Role used for data frame.
Variable names.
Numerical variable names.
Categorical variable names.
Treatment assignment variable name.
A map from node id to node information.
Treatment level mapping.
Current tree setting.
Treatment effect summary.
This function uses 'GUIDE' Gi option for tree building, it can provide subgroup identification tree and confidence intervals of treatment effect based on bootstrap calibration.
'Gi' option is testing the interaction between covariate \(x_i\) and treatment assignment \(z\). With in each tree node \(t\), if \(x_i\) is a continuous variable, the function will discretize it into four parts as \(h_i\) based on sample quartiles. If \(x_i\) is a categorical variable, function will set \(h_i\) = \(x_i\). If \(x_i\) contains missing value, the function will add missing as a new level into \(H_i\). Then, we test the full model against the main effect model.

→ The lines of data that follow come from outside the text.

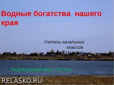 Презентация - доклад на тему: Водные богатства нашего края. 4 класс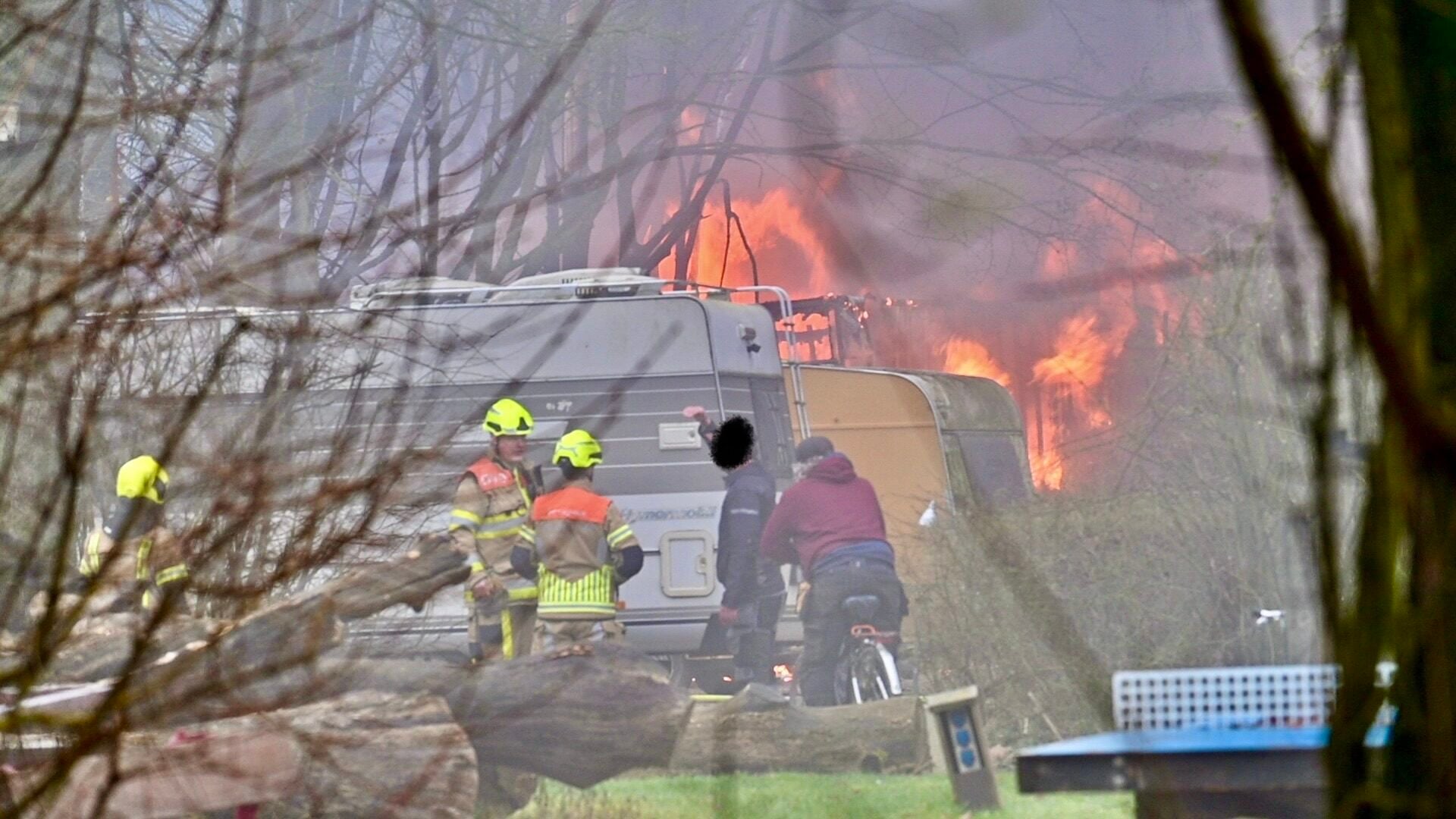 Zeer grote uitslaande brand op camping
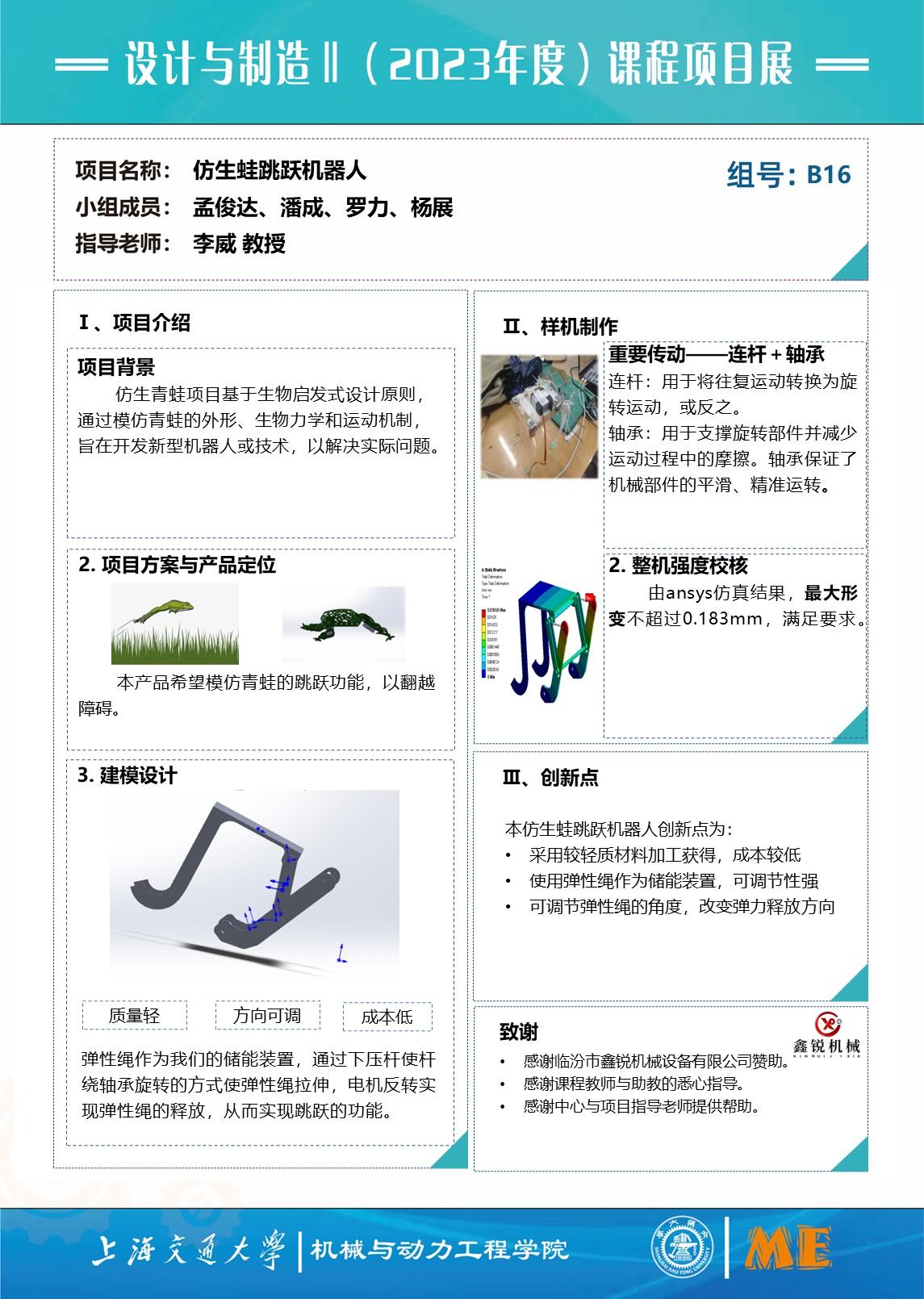 (1)设计可实现远距离和高高度的跳跃机制,仿生青蛙重量不宜太大,以达到又高又远的要求。

$$H_0 = \beta_0 + \sum\limits_{i=2}^{H}\beta_{hi}I(h_i = i) + \sum\limits_{j=2}^{G}\beta_{zj}I(Z_j = j)$$ $$H_A = \beta_0 + \sum\limits_{i=2, j=2}\beta_{ij}I(h_i = i, Z_j = j)$$
Then choose the most significant \(x_i\). The details algorithm can be found in Loh, W.-Y. and Zhou, P. (2020).
The bootstrap confidence interval of treatment can be fond in Loh et al. (2019).
Loh, W.-Y. and Zhou, P. (2020). The GUIDE approach to subgroup identification. In Design and Analysis of Subgroups with Biopharmaceutical Applications, N. Ting, J. C. Cappelleri, S. Ho, and D.-G. Chen (Eds.) Springer, in press.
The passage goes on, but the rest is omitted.